I became closer to each of my children during these trying times.  For that I am grateful.  During my treatment, my daughter-in-law, Rachel, was diagnosed with Thyroid Cancer.  Tony's wife underwent surgery to remove her Thyroid and still responded to me with all her love and support as she went through her own trials.  I am so proud of her.  Heather, Katie, Tony, Rachel, Joey and my brother and his family went above and beyond to visit, help and support Jane and me during this time.  
      Oh, what a village I live in.  You ALL have been so supportive to both Jane and me.  There must be over a hundred people I need to thank personally.  I hate to try and list everyone here just because I don't want to leave anyone out because of my lack of acuity.    I felt loved and supported everyday of the last 6 months.  I don't think a day went by that Jane or I didn't hear from someone offering to help, cook, drive, visit or just say they loved us.  We are so lucky to have each and everyone of you as friends.  You are the cream of the crop, the best, one of a kind, and we will always be grateful to EACH and EVERYONE of you for all the help and love you shared with us.
       This will be my last blog,  I hope you have learned a little about going through something like this.  I hope it helps someone.  It helped me immensely during my journey.  It helped me center and think of what is and was important to me during this time.  I recommend it to anyone that is going through something hard.
      I am heading off on a new chapter of life.  My religion is compassion and love towards my fellow man and woman.  I hope to be a shinning example to others.  To make other's lives easier and happier.  I want everyone to know they have a friend.  I pledge this because I have been the recipient of that kind of love for a long, long time but especially the last 6 months. 
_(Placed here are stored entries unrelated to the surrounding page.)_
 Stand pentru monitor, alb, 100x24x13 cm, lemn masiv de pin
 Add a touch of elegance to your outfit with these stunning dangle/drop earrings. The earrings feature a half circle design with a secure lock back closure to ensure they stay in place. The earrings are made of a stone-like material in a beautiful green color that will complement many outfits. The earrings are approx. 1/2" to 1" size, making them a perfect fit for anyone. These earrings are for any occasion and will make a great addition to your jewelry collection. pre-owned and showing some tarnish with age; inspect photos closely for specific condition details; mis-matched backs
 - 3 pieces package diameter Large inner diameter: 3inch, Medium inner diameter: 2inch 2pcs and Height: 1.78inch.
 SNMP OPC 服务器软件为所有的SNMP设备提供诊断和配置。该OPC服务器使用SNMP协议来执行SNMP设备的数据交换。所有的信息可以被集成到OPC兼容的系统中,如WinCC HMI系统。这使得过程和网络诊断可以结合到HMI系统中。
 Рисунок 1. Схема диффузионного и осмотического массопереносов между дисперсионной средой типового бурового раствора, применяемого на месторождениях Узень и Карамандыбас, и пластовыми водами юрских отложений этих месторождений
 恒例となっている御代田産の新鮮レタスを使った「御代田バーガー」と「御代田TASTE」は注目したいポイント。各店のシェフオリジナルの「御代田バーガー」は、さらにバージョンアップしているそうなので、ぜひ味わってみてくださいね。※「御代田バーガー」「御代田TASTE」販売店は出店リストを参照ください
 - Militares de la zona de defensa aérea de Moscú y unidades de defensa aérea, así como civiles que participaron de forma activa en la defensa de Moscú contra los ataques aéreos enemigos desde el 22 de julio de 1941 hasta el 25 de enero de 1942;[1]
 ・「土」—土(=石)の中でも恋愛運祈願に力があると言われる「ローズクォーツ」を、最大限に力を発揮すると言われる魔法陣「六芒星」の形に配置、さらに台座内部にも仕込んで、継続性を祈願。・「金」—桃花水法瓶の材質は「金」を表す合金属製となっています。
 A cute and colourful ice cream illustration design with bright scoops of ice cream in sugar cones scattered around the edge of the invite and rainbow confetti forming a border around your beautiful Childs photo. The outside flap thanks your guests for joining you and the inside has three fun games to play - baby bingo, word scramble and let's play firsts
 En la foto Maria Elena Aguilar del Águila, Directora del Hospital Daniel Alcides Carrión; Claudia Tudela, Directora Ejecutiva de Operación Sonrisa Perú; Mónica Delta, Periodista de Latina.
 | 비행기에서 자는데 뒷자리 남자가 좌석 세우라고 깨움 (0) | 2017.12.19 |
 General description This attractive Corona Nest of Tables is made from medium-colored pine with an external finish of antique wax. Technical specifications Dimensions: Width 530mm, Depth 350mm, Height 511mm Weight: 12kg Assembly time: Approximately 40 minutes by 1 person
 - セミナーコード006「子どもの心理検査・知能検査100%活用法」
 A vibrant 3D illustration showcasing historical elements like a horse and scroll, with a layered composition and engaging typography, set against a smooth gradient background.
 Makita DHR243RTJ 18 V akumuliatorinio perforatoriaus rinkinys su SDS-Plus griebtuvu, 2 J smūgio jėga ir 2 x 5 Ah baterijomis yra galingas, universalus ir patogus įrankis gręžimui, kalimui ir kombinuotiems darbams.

                                                                       NAMASTE

Thursday, May 29, 2014

What to expect?

Wednesday, May 28th

     As my eyes barely open through the crust of the night, I wonder how I will feel.  First, I check my throat.  Of course it's dry, but how dry is it?  Sometimes super dry;  can't get my tongue, unstuck from the roof of my mouth.  Sometimes I can't talk until I get a little water in.  Once that's done, I know a little more.  Lifting my fat, heavy head off the pillow is the next test.  If I lift it up but I have to lay right back down again, that's not a good sign.  If I can shuffle to the bathroom and do my duty without passing out,  then that's better.   Then, if I stand there for a minute and I don't feel like laying down, hey, it might be a good day.
     I am hoping for more good days.  I slept till 11 am this morning.  It wasn't "Oh I'll just lay here for a few minutes, then get up." NO, I slept (out cold) till 11 am.  And it felt good.  I don't know why but I think I needed that extra rest.  Hopefully, it helps the overall need for energy I have.
     Katie has been texting me daily inspirations and telling me things that she is grateful for.  She also tells me what she is going to work on that day to be a better human being.  Compassion, being happy.  helping a stranger, meeting a new person, making work a happier place for all, etc. etc.  I've been doing the same and I can not tell you how much that has helped me refocus my priorities on my journey.  I hope we do this forever, it is really grand and wonderful.

Thursday, May 29th
Ron, my big brother, circa 1976
     Talking about what to and what not to expect, sometimes life throws you one from out in right field.
   My little brother, Mark, called me today to relay some sad news.  I have a big brother, Ron.  A real lone wolf, that guy.  And I have to say, I didn't live his life, but I am sure it was pretty interesting.  Ron was a lot like my dad.  Both enjoyed being alone, they had very few friends but the ones they had, were really close.  Once Ron left the proximity of the family, (which was in the early 70's) he didn't stay in touch much.  I talked to him about every ten years or so.  Sad, isn't it?  My little brother stayed in better touch, but it was always Mark making the effort.  Ron, by all reports, was living off the grid; he had a few legal issues tailing him from years ago.  He bought a house, but put it in a friend's name. He had no cell phone, email, or any easy way to contact him except through this one friend.   He didn't have an identifiable job for the last 15 years or so, but he did work a lot on cars and motorcycles.  I heard he restored a dentist's early year corvette in exchange for some dental work.  If you were Ron's friend he was one of those guys that would help you out with anything you needed.
   Now, back to this morning. Mark, my little brother, said a friend of Ron's hadn't heard from him for a few days so went to his house this morning. He found Ron dead.  Looks like natural causes, but he was only 64.  I spoke to him last month over Skype during my Mom's 90th Birthday party,  and he looked as well as I have ever seen him.  He had lost weight (which was good), his teeth looked great and he was very talkative and interactive, especially with my mom.  This has hit me like a ton of bricks.  I wish I had talked to him more, even though he made that hard.  I hope he knew I loved him, even though he made that hard, too.  When one of your brothers dies, I am just learning, it leaves hole where once there had been none.
namaste

Monday, May 12, 2014

What, me worry?

     Alfred E. Neuman, circa 1955, "What, me worry?"   He maybe the first guru of the modern age.  After much study and research I have found that the first step to becoming enlightened is to let go of worrying.  One cannot live in the moment if one is worrying about the future.  And worry provides no new action that may affect the outcome.  It is good to plan, think of all the options, formulate a plan and go with it.  Yes, you can revisit your decision, you can change your plan, but it doesn't help to worry about the future or what is going to happen until it happens and then you can start the process over, or accept the results.  Worrying is different then planning.  It is when the mind won't let go of the issue.  It feels a lot like a washing machine, tumbling the issue over and over.  Not analyzing the plan but just thinking over and over about the worry lines.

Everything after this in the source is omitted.